===== ENTRIES SHOWN
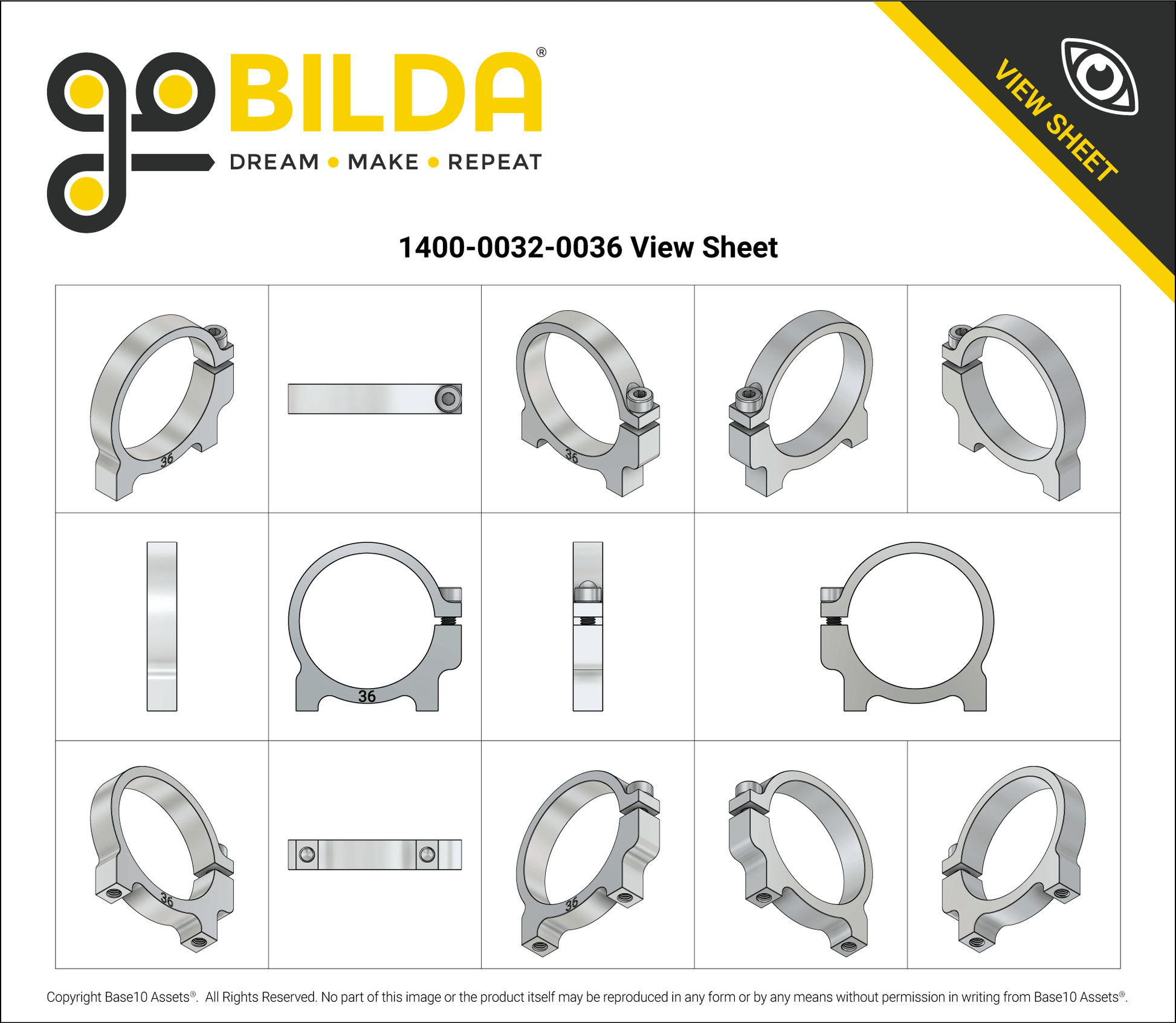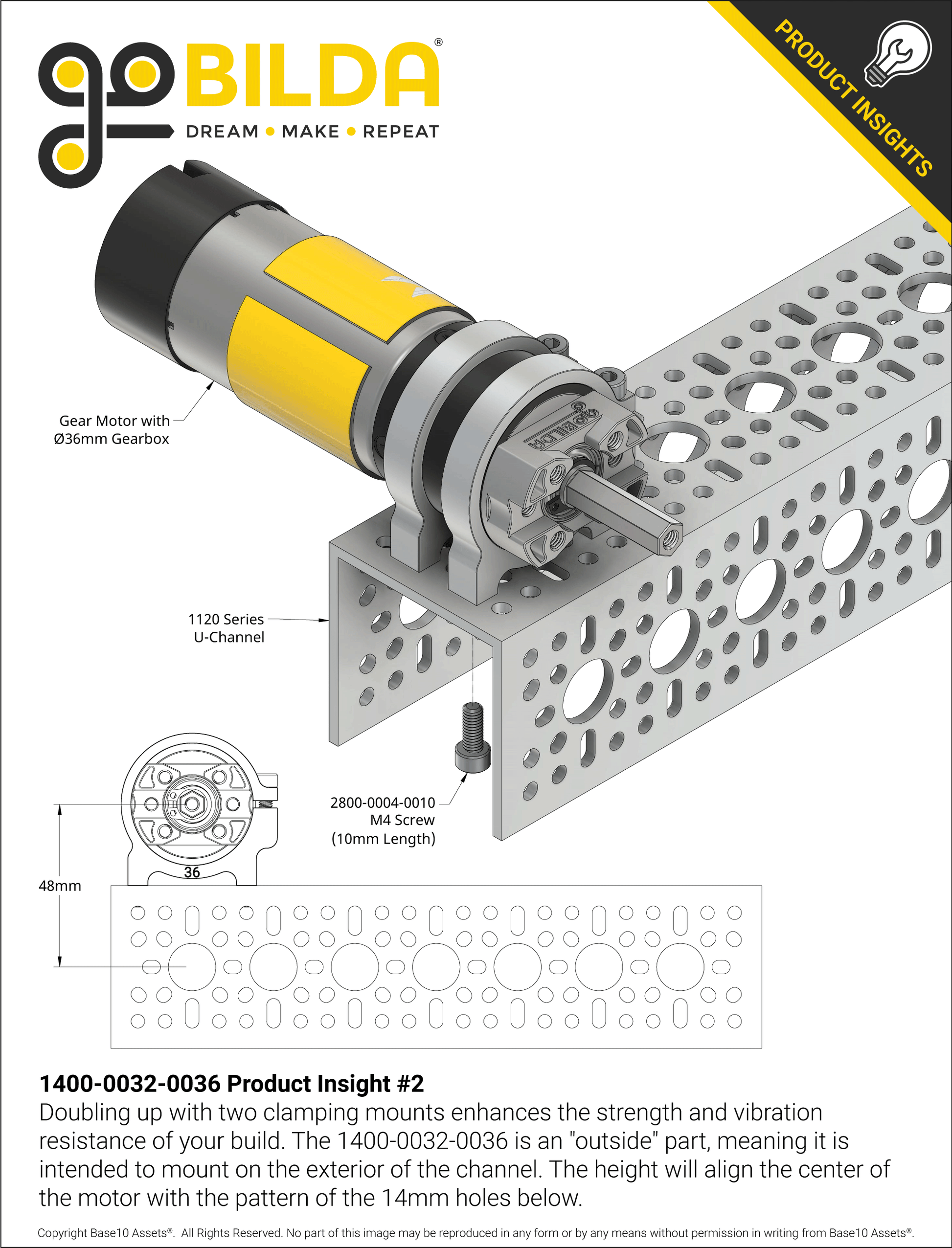 Fasten a 36mm diameter gear motor to your robot chassis using this mount. The clamping mount measures 24mm from base to center, providing a plethora of gear ratio options while staying on the 48mm center to center dimension.
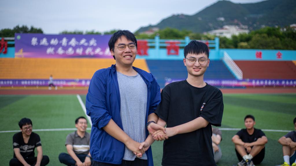 考取长安大学研究生的贾政杨现场拥抱了考取中国矿业大学(北京)的田浩同学,以感谢四年舍友情深和兄弟情谊。
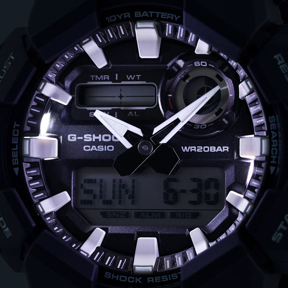 The analog-digital GA-010 delivers handy features like world time and stopwatch, as well as a high-brightness LED light, which can be easily accessed from the large button on front of the case, ensuring visibility even in the dark.
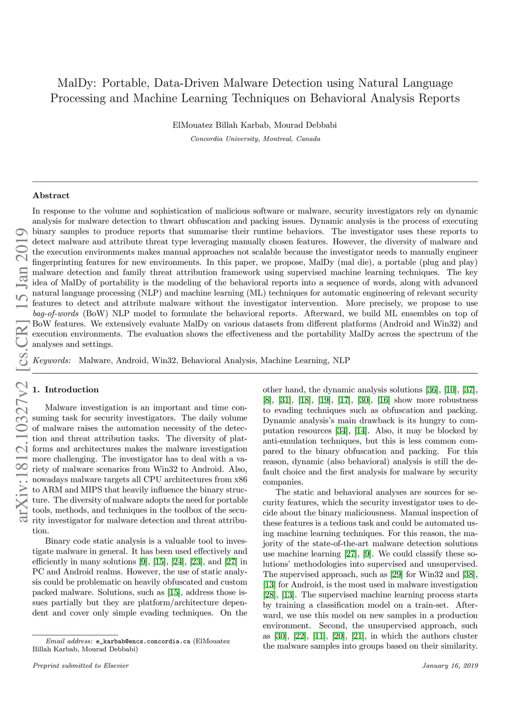 In response to the volume and sophistication of malicious software or malware, security investigators rely on dynamic analysis for malware detection to thwart obfuscation and packing issues. Dynamic analysis is the process of executing binary samples to produce reports that summarise their runtime behaviors. The investigator uses these reports to detect malware and attribute threat type leveraging manually chosen features. However, the diversity of malware and the execution environments makes manual approaches not scalable because the investigator needs to manually engineer fingerprinting features for new environments. In this paper, we propose, MalDy (mal~die), a portable (plug and play) malware detection and family threat attribution framework using supervised machine learning techniques. The key idea of MalDy portability is the modeling of the behavioral reports into a sequence of words, along with advanced natural language processing (NLP) and machine learning (ML) techniques for automatic engineering of relevant security features to detect and attribute malware without the investigator intervention. More precisely, we propose to use bag-of-words (BoW) NLP model to formulate the behavioral reports. Afterward, we build ML ensembles on top of BoW features. We extensively evaluate MalDy on various datasets from different platforms (Android and Win32) and execution environments. The evaluation shows the effectiveness and the portability MalDy across the spectrum of the analyses and settings.
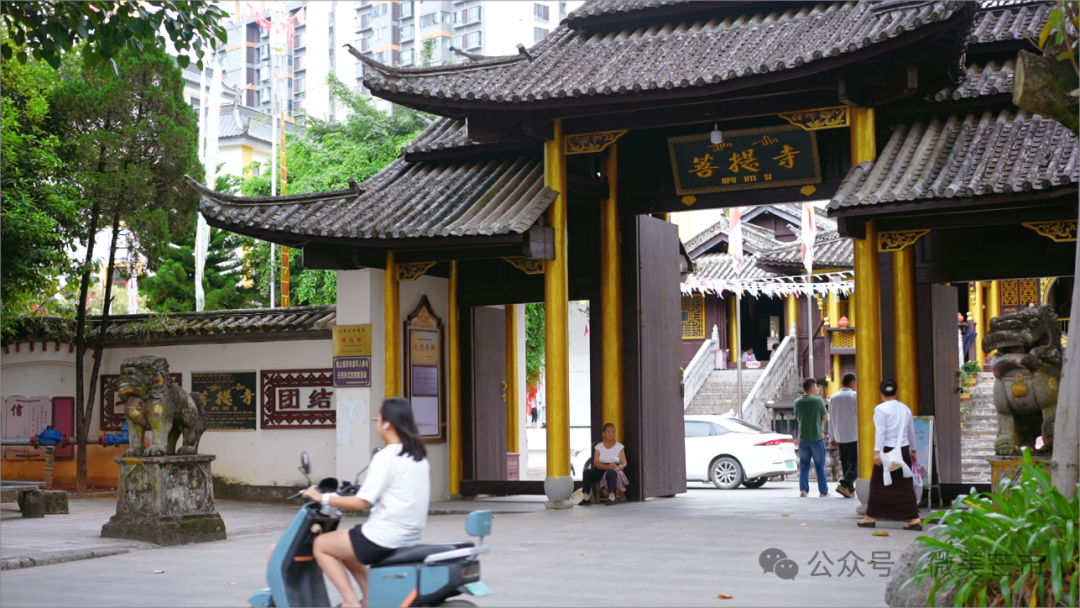 菩提街原名正南路,全长528米,北起阔时路,南至斑色路,2006 因街上的菩提寺而更名。2020年,它被纳入芒市“美丽县城”市政道路环线示范段,外立面改造后彻底焕新。
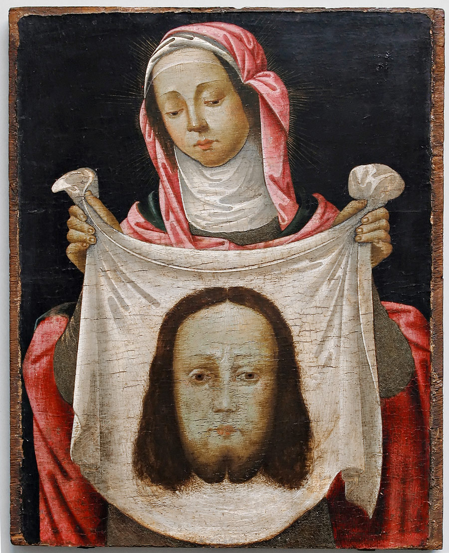 È un piccolo dipinto di carattere fortemente devozionale, in cui la Veronica mostra il velo sul quale è impressa l’immagine del volto di Cristo. Si tratta di un’iconografia particolarmente diffusa nel Nord Europa; il prototipo è un dipinto eseguito da un artista tedesco nel primo ventennio del secolo XV denominato Maestro della Veronica, in cui il volto di Cristo è raffigurato frontalmente, senza i segni della passione, incorniciato dai capelli lisci divisi sulla fronte alta, con la barba bipartita. Questo modello fu replicato in pittura in particolare dai fiamminghi e trovò larga diffusione grazie alle numerose incisioni che ne furono tratte. Il quadretto empolese rivela, nel volto del Cristo, la dipendenza dalla tipologia nordica, mentre la Veronica mostra tratti di stile affini alla cultura di Piero di Cosimo.
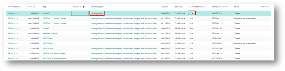 Klikker du på linket i kolonnen ’Tilknyttet ydelse’ åbnes den ydelse, som indberetningen er dannet på baggrund af.
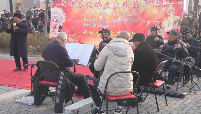 冬日午后,郸城县城内孔桥桥边传来阵阵悠扬弦乐,不少老年戏迷围坐一起,专注欣赏孔桥大众戏曲演唱团的演出。
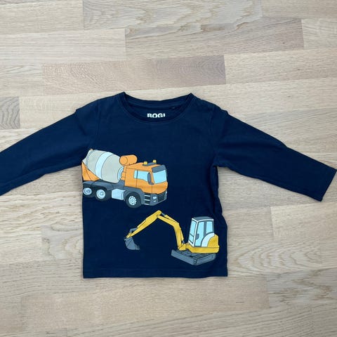 Bogin pitkähihainen trikoopaita, keltainen, traktorin ja betoniauton kuvat rinnuksissa. Lähes käyttämätön koska ehti jäädä meillä pieneksi. Kokomerkintä 80/86 cm.
==========
■ **THE PROBLEM**:
Copy the listing above verbatim, leaving out pictures.

■ **TASK RESPONSE**:
 Fasten a 36mm diameter gear motor to your robot chassis using this mount. The clamping mount measures 24mm from base to center, providing a plethora of gear ratio options while staying on the 48mm center to center dimension.
 考取长安大学研究生的贾政杨现场拥抱了考取中国矿业大学(北京)的田浩同学,以感谢四年舍友情深和兄弟情谊。
 The analog-digital GA-010 delivers handy features like world time and stopwatch, as well as a high-brightness LED light, which can be easily accessed from the large button on front of the case, ensuring visibility even in the dark.
 In response to the volume and sophistication of malicious software or malware, security investigators rely on dynamic analysis for malware detection to thwart obfuscation and packing issues. Dynamic analysis is the process of executing binary samples to produce reports that summarise their runtime behaviors. The investigator uses these reports to detect malware and attribute threat type leveraging manually chosen features. However, the diversity of malware and the execution environments makes manual approaches not scalable because the investigator needs to manually engineer fingerprinting features for new environments. In this paper, we propose, MalDy (mal~die), a portable (plug and play) malware detection and family threat attribution framework using supervised machine learning techniques. The key idea of MalDy portability is the modeling of the behavioral reports into a sequence of words, along with advanced natural language processing (NLP) and machine learning (ML) techniques for automatic engineering of relevant security features to detect and attribute malware without the investigator intervention. More precisely, we propose to use bag-of-words (BoW) NLP model to formulate the behavioral reports. Afterward, we build ML ensembles on top of BoW features. We extensively evaluate MalDy on various datasets from different platforms (Android and Win32) and execution environments. The evaluation shows the effectiveness and the portability MalDy across the spectrum of the analyses and settings.
 菩提街原名正南路,全长528米,北起阔时路,南至斑色路,2006 因街上的菩提寺而更名。2020年,它被纳入芒市“美丽县城”市政道路环线示范段,外立面改造后彻底焕新。
 È un piccolo dipinto di carattere fortemente devozionale, in cui la Veronica mostra il velo sul quale è impressa l’immagine del volto di Cristo. Si tratta di un’iconografia particolarmente diffusa nel Nord Europa; il prototipo è un dipinto eseguito da un artista tedesco nel primo ventennio del secolo XV denominato Maestro della Veronica, in cui il volto di Cristo è raffigurato frontalmente, senza i segni della passione, incorniciato dai capelli lisci divisi sulla fronte alta, con la barba bipartita. Questo modello fu replicato in pittura in particolare dai fiamminghi e trovò larga diffusione grazie alle numerose incisioni che ne furono tratte. Il quadretto empolese rivela, nel volto del Cristo, la dipendenza dalla tipologia nordica, mentre la Veronica mostra tratti di stile affini alla cultura di Piero di Cosimo.
 Klikker du på linket i kolonnen ’Tilknyttet ydelse’ åbnes den ydelse, som indberetningen er dannet på baggrund af.
 冬日午后,郸城县城内孔桥桥边传来阵阵悠扬弦乐,不少老年戏迷围坐一起,专注欣赏孔桥大众戏曲演唱团的演出。
 Bogin pitkähihainen trikoopaita, keltainen, traktorin ja betoniauton kuvat rinnuksissa. Lähes käyttämätön koska ehti jäädä meillä pieneksi. Kokomerkintä 80/86 cm.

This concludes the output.